# Kit to convert regular wood stove to pellet stove, question....



## Jim_Rogers (Aug 14, 2007)

My brother tells me that there is a way or kit, to convert a regular wood burning stove to a pellet stove, something about a basket to be inserted.
Does anyone have a link to a site or a picture of one.
I've tried to find it here doing a search but I didn't have any luck....
Thanks in advance....

Jim Rogers


----------



## burntime (Aug 14, 2007)

Step 1: Throw in a bunch of pellets.
Step 2: Lite it!
Step 3: Repeat.

Really with the price of pellets, why would you want to and if it could be done would you want to look at the big hopper?


----------



## Jim_Rogers (Aug 14, 2007)

Here in my shop, where I have a small office space, I have a wood stove that I use to burn hardwood slab wood, a waste product from my sawmill operation.
This stove needs to be fed quite regularly, and I don't want to do that. I'd rather have some sort of system, either a pellet stove, or something like that so that I won't have to feed it so often and I'm not here overnight.
I'm seriously thinking of buying a pellet making machine and trying to convert my sawdust waste into pellets to burn here in my shop and heat this office space.
My brother has told me of a basket that get put into a regular wood stove to convert it to a pellet stove and I wanted to research this option and see if there is such a thing......


----------



## Corie (Aug 14, 2007)

Energex makes or made a basket called the Promethius that would allow you to burn wood pellets in a cordwood stove.  It never received good reviews and was not a reasonable way to burn pellets in a wood stove.  I believe energex has stopped making it, but I could be wrong.  You should be better off buying a pellet stove than trying that basket.

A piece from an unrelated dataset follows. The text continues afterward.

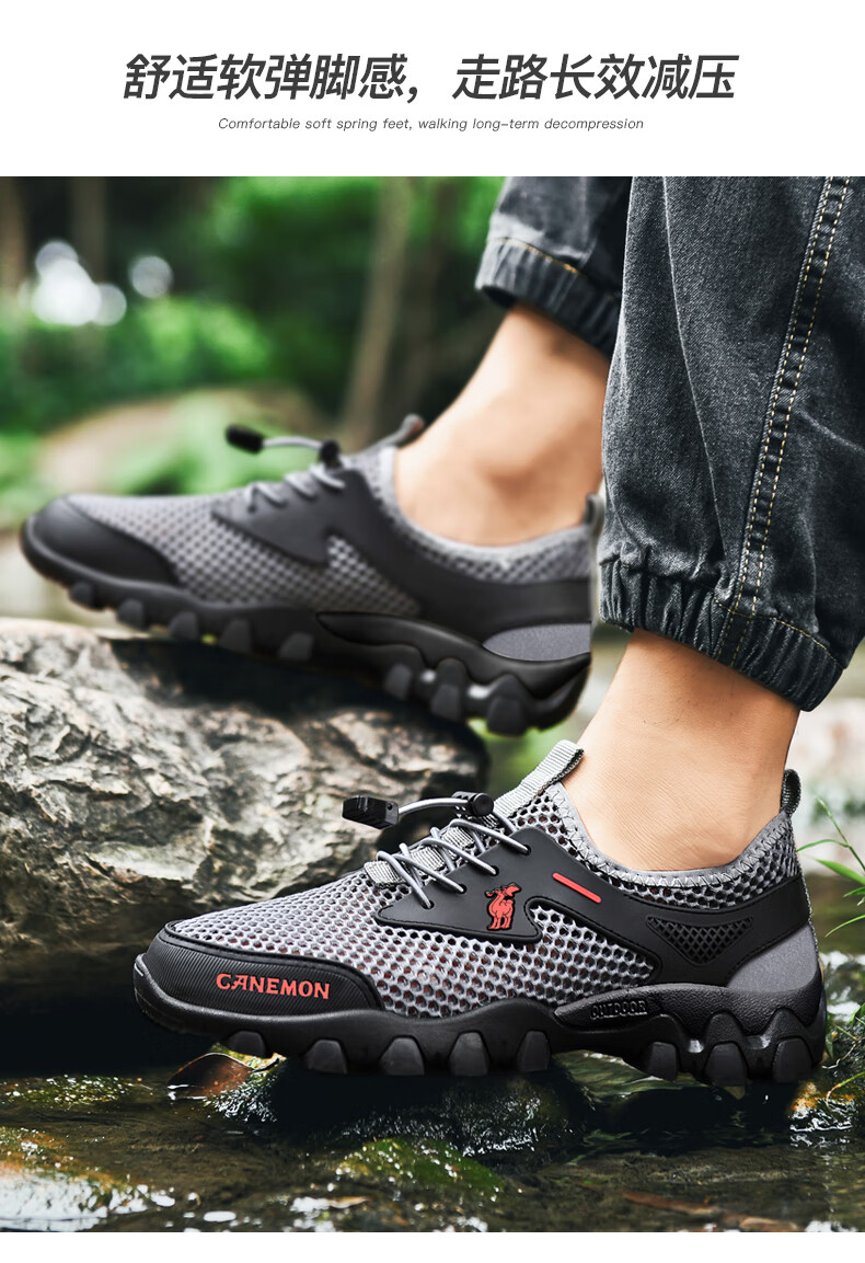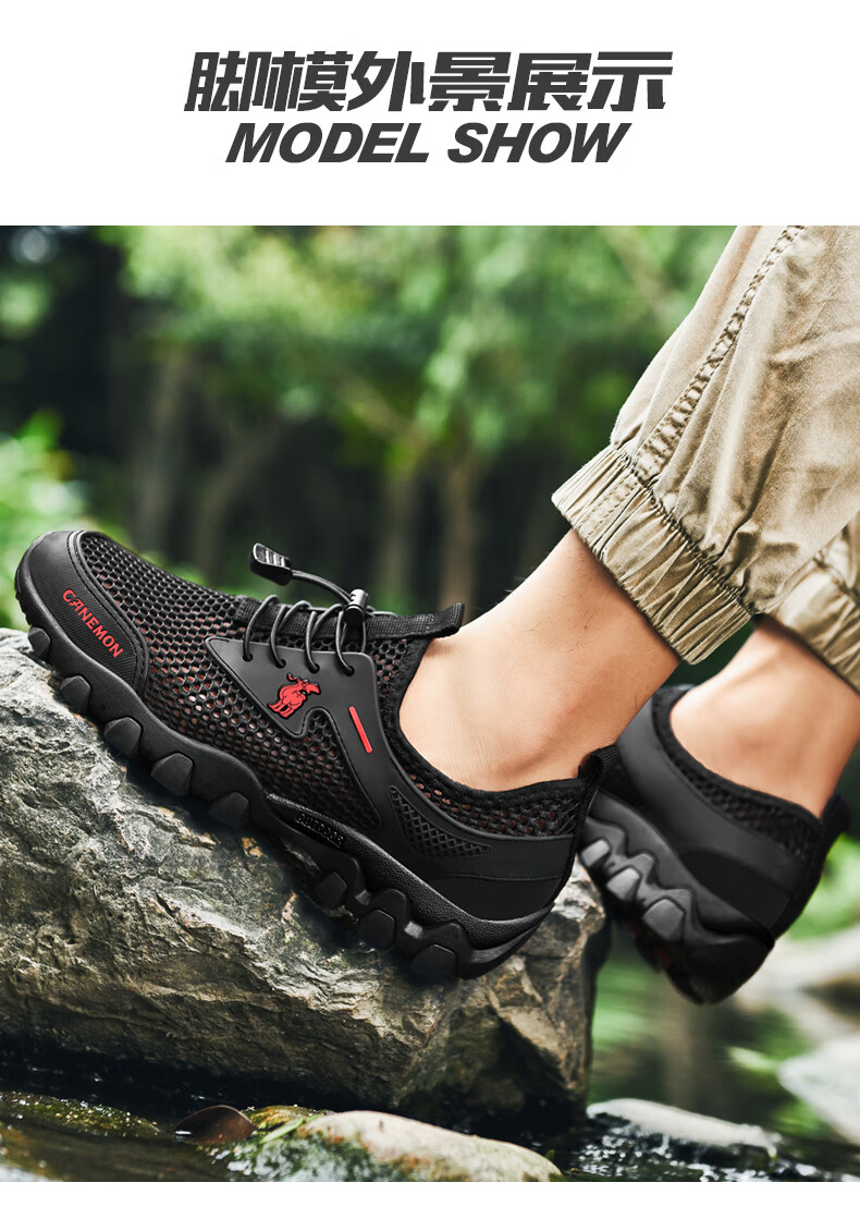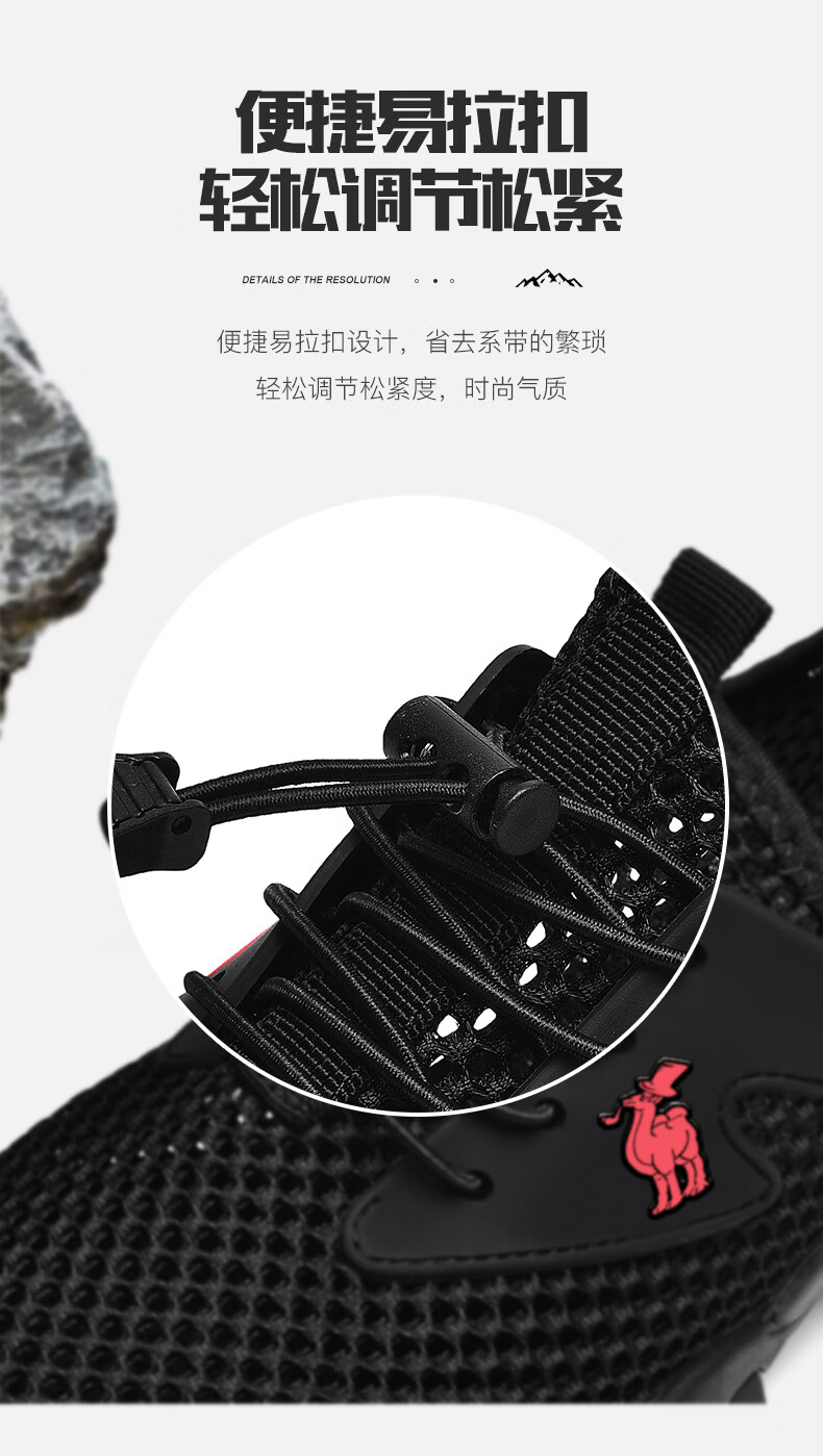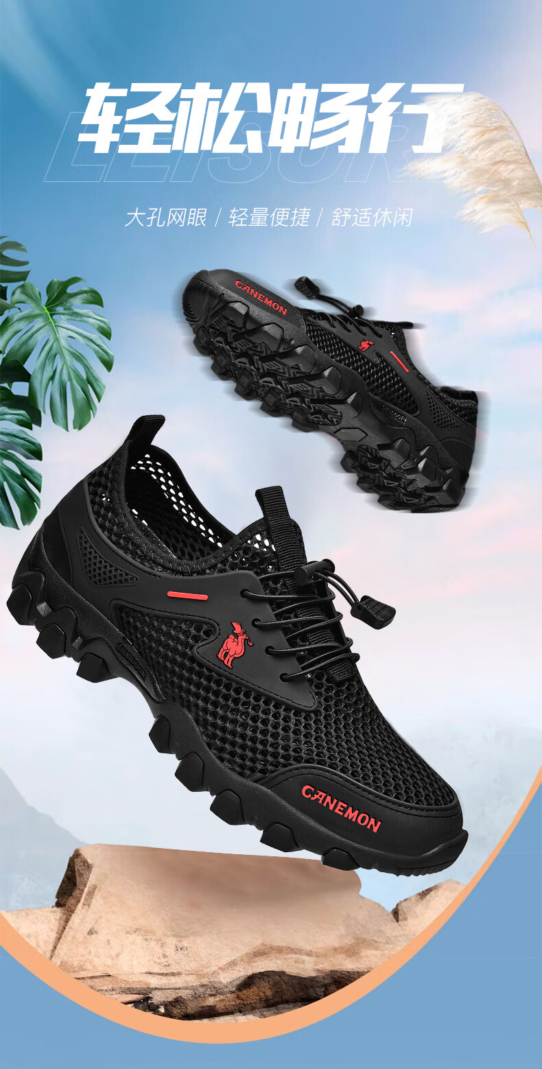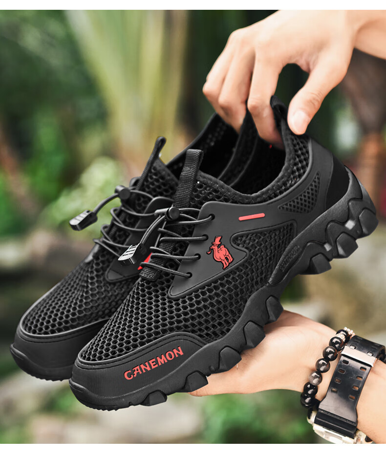 保罗骆驼男鞋 夏季运动户外网面休闲鞋子 耐磨透气溯溪登山鞋 徒步涉水 黑色【透气孔系列2386】 39 标准码脚宽拍大一码,赠运费险

Also, there are small scale pellet making mills available, but the price is still quite high and I'm not sure it would be worth it.  Not trying to spoil your hopes, but you'd have to generate A LOT of sawdust and probably sell your homemade pellets to otther folks just to make it worth it.


----------



## myzamboni (Aug 14, 2007)

Jim_Rogers said:
			
		

> Here in my shop, where I have a small office space, I have a wood stove that I use to burn hardwood slab wood, a waste product from my sawmill operation.
> This stove needs to be fed quite regularly, and I don't want to do that. I'd rather have some sort of system, either a pellet stove, or something like that so that I won't have to feed it so often and I'm not here overnight.
> I'm seriously thinking of buying a pellet making machine and trying to convert my sawdust waste into pellets to burn here in my shop and heat this office space.
> My brother has told me of a basket that get put into a regular wood stove to convert it to a pellet stove and I wanted to research this option and see if there is such a thing......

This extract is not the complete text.